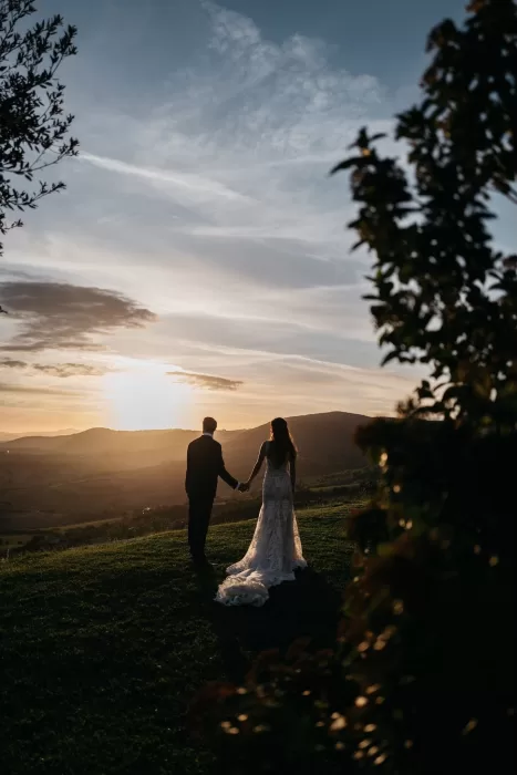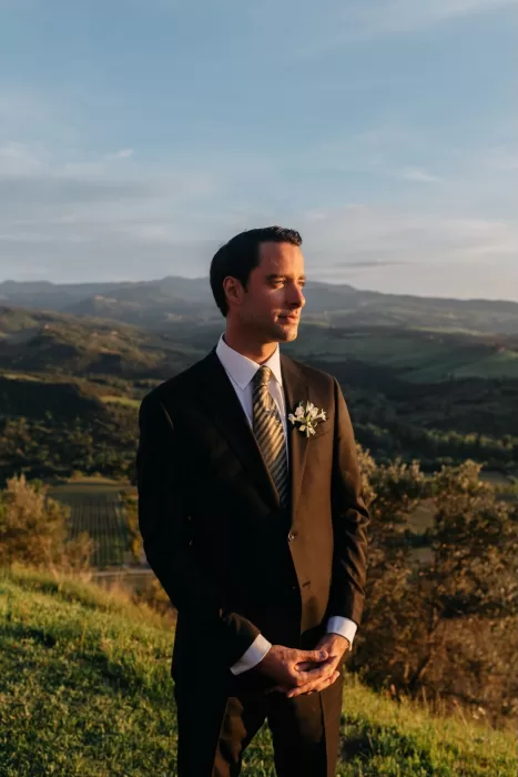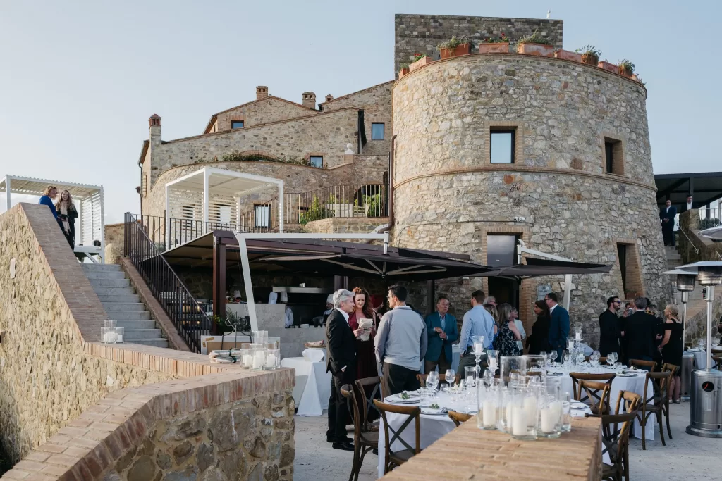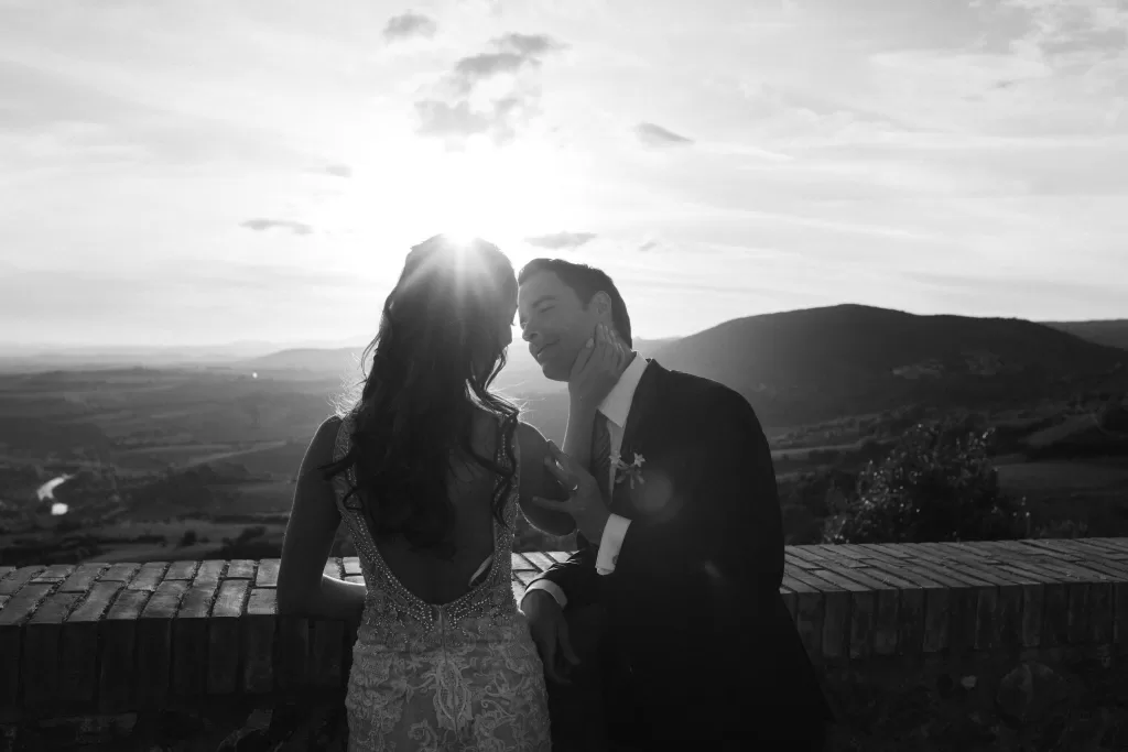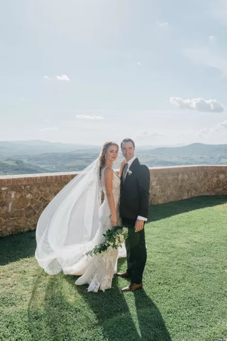 Perched high in the Val d’Orcia, Castello di Velona set the stage for a wedding that felt both intimate and cinematic. With stone walls weathered by centuries and sweeping views across the Tuscan countryside, it’s the kind of destination that immediately transports you into another rhythm of life. For couples seeking a wedding in Italy, this castle offers not just a venue, but an atmosphere—romantic, historic, and impossibly serene.
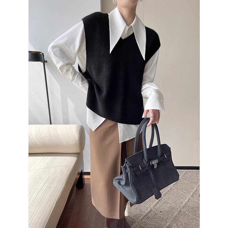 Athvotar Athvotar High-End Sharp Collar Shirt Female Port Taste Retro Trendy Modern Hanging Shirt Chic Niche Shirt
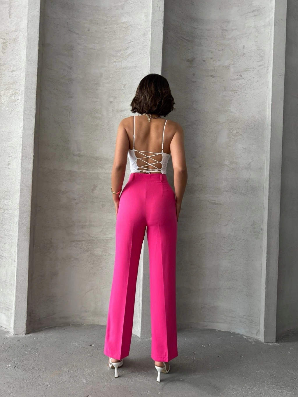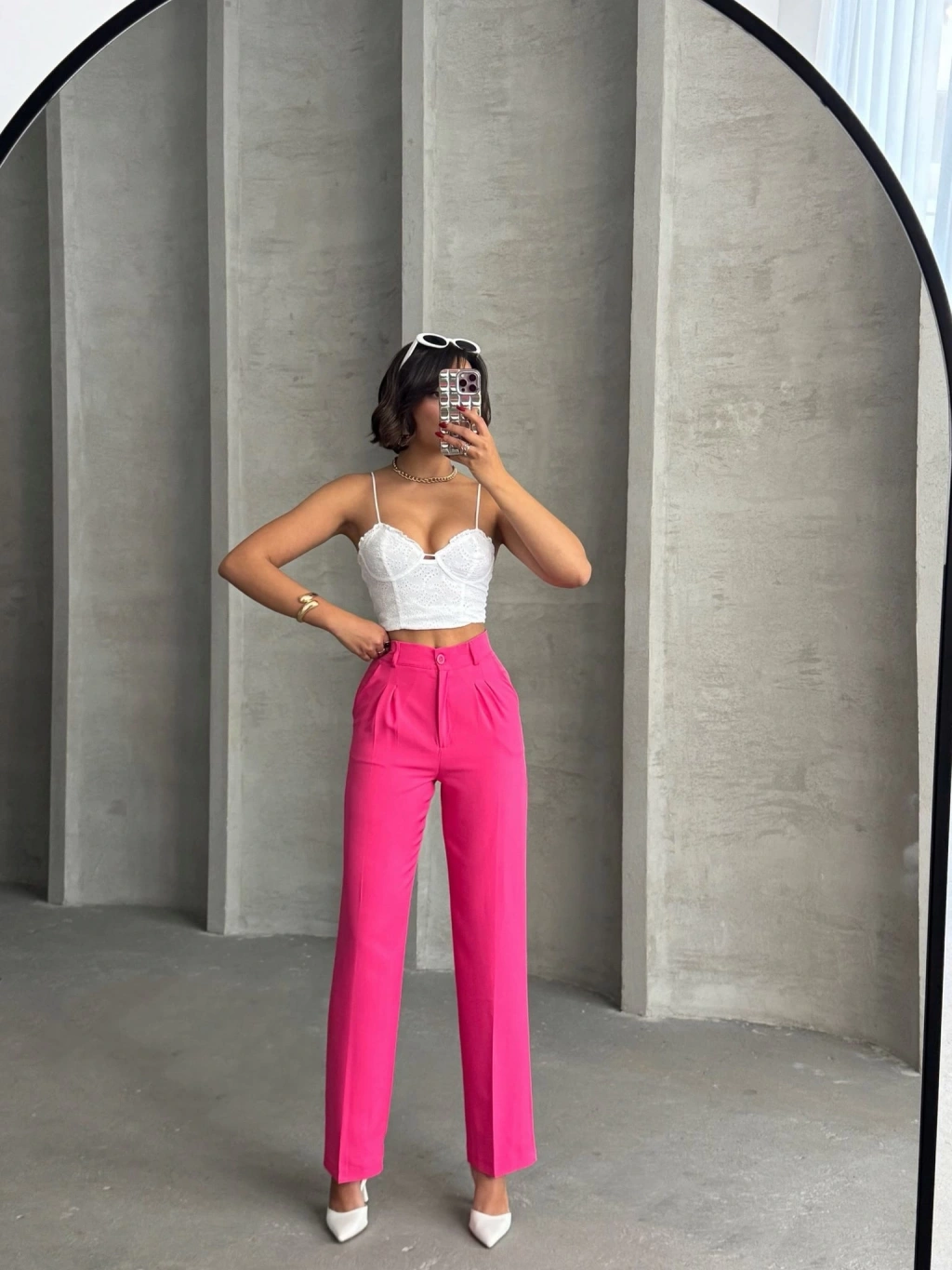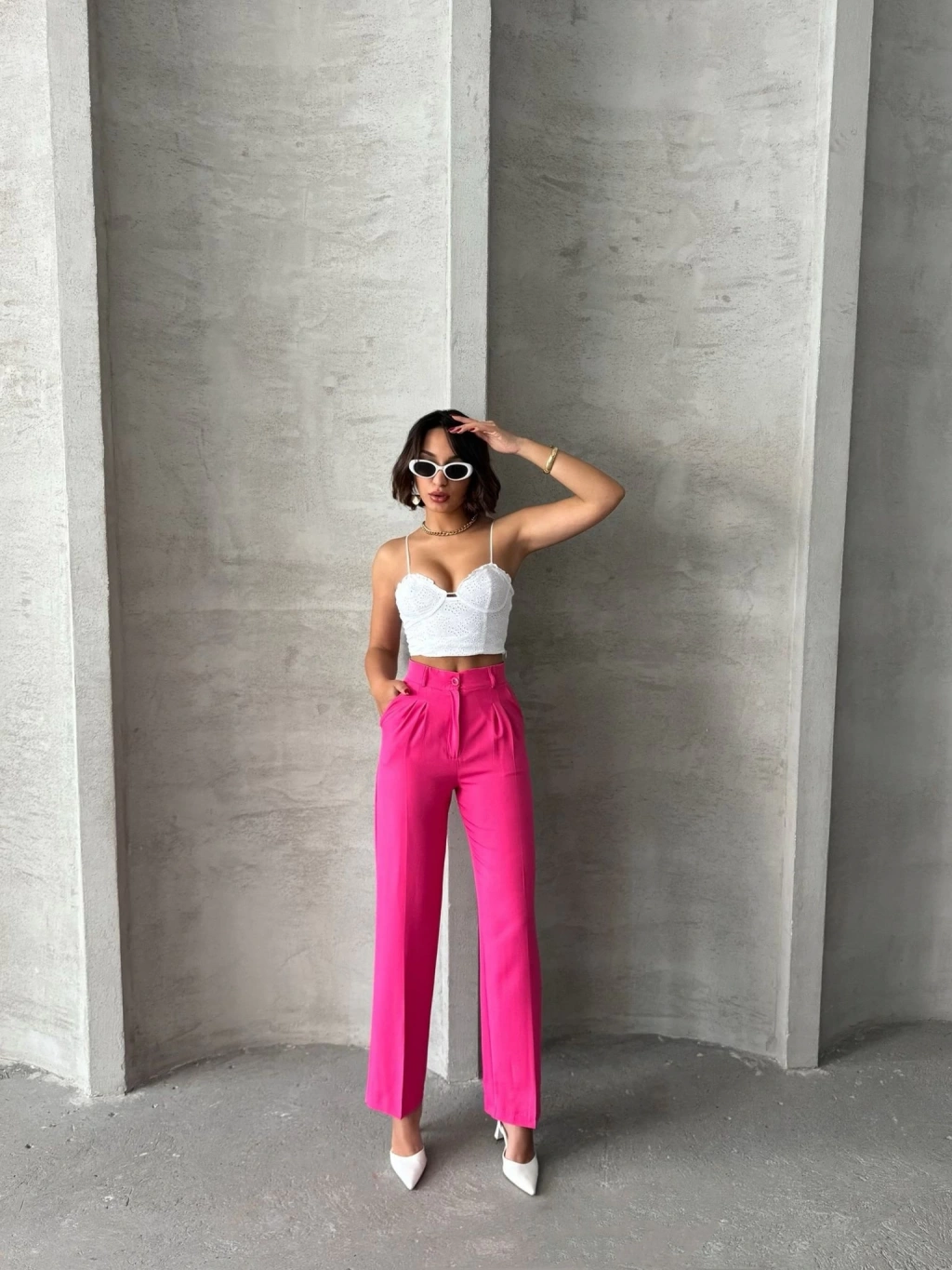 Palazzo fuşya pantolon, şıklığı ve rahatlığı bir arada sunan bir seçenektir.
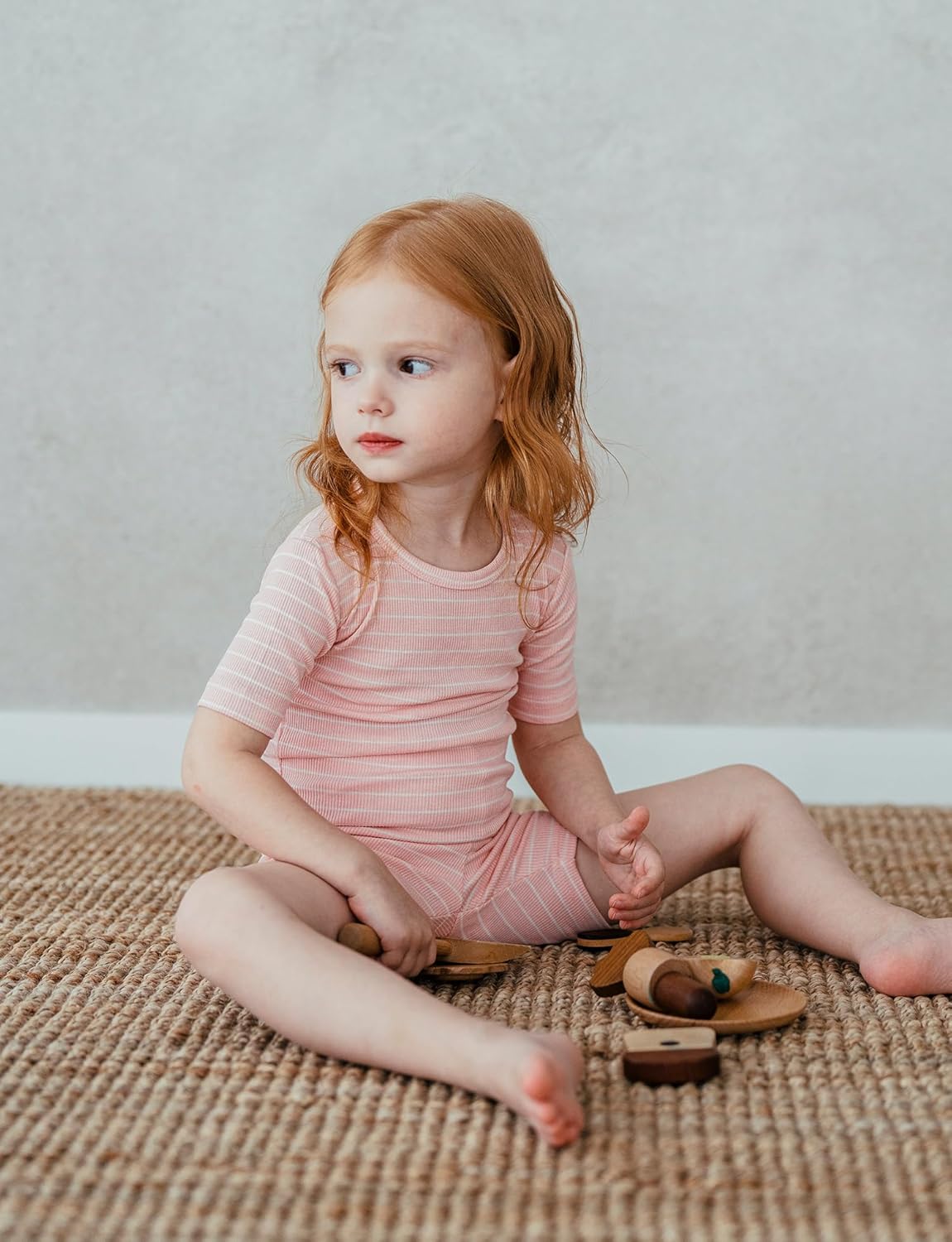 • COMFORTABLE FABRIC - This stylish Stripe Pattern pj set is a perfect blend of multi-functional style and comfort. Viscose is like a smooth material similar to silk breathable, similar to cotton in this regard. Enough to help protect child's delicate skin. That's why pajama set is Easy to dye, light weight, and natural material. It will give perfect fit.
----
→ TASK DIRECTIONS:
Only the lines from the one containing "Palazzo fuşya pantolon, şıklığı" through the end of the listing should be output, word for word and inclusive; keep pictures out.

→ EXPECTED OUTPUT:
 Palazzo fuşya pantolon, şıklığı ve rahatlığı bir arada sunan bir seçenektir.
 • COMFORTABLE FABRIC - This stylish Stripe Pattern pj set is a perfect blend of multi-functional style and comfort. Viscose is like a smooth material similar to silk breathable, similar to cotton in this regard. Enough to help protect child's delicate skin. That's why pajama set is Easy to dye, light weight, and natural material. It will give perfect fit.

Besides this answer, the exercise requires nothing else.